In reading the international news headlines, there is a lack of direct scrutiny by the international community to this day on China’s Uighur crisis. Just last year, the United Nations reported that 1 million Uighur or more were being held in brutal “re-education” detention camps. Yet, nothing has changed.
The Chinese government has been aiming to change Uighur Muslims’ political thinking, erase their belief in Islam, and ultimately reshape their identities via torture, extrajudicial executions, arbitrary arrest and detention, gang rapes, systemic sexual assaults, and murder. There has been a Human Rights Watch Report attesting to these facts, satellite image evidence, and several testimonies from escapees.

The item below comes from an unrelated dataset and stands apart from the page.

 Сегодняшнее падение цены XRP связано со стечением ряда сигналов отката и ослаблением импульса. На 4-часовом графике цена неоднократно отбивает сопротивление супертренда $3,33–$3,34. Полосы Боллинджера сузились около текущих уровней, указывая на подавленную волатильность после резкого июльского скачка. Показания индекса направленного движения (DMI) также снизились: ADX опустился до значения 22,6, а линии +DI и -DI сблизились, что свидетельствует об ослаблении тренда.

Although some countries condemned Chinas’s human rights abuses, the momentum to raise concerns or follow through with economic sanctions to put pressure on China has not lasted. The international community’s response could instead be likened to reluctance and hesitance to criticize Beijing publicly.

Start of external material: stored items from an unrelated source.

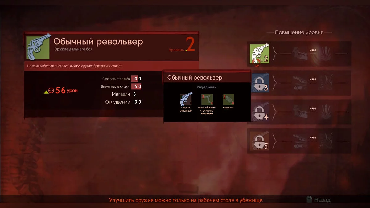В комнате справа на полу лежит труп, возле которого герой найдет свои часы. Поднимаемся на второй этаж. Смотримся в зеркало, чтобы запустить кат-сцену. В комоде рядом берем шиллинги. В соседней комнате будет еще труп. Джонатан возьмет пистолет (Старый револьвер). Оружие в игре можно улучшать на рабочем столе в убежище.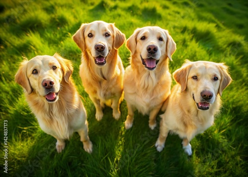 Aerial View of Four Golden Retrievers Standing in a Field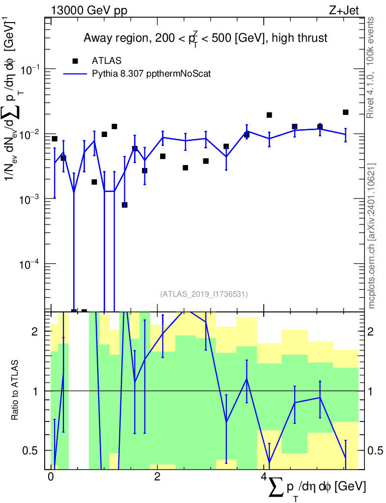 Lines: data, pythia8 8.307 ppthermNoScat |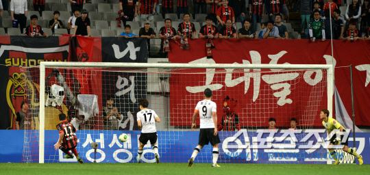 서울과 포항의 K리그 클래식 2013 28라운드 경기가 11일 서울월드컵경기장에서 열렸다. 서울 몰리나가 후반 선제골을 터뜨리고 있다. 포항은 15승 7무 5패(승점 52)로 리그 선두를 달리고 있고, 4위 서울은 13승 8무 6패(승점 47)로 그 뒤를 바짝 뒤쫓고 있다. 상암=허상욱 기자 wook@sportschosun.com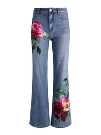 A wide leg denim hero. The Chic floral jeans have a high-rise, relaxed fit, and are finished with printed petals that add dimension without feeling heavy. They’re comfortable, sculpting, and endlessly easy to style. Pair them with everything from a simple white tee to an elevated blazer and you'll turn heads either way. DETAILS - Wide leg jean - Floral printed denim - High rise - Relaxed fit - Belt loops - Front button and zipper closure - 100% cotton - Turn inside out and machine wash on cold with like colors - Imported FIT - Model is 5'10" and wearing a size 24 - Front rise: 10 1/2" - Inseam: 34 1/2" - Fits true to size, take your normal size

How much is the international community willing to ignore if the group being religiously persecuted is Muslims and not Christians? And to what extent is the international community willing to turn a blind eye to one of the worst human rights crises of modern times due to our economic ties to China?
Islamaphobia is an epidemic, and the international community has a bad case of it. The international community needs to be an outspoken critic of religious persecution regarding Muslims, as they do other religions. No government should be able to tell people what religion to practice or persecute those who don’t comply.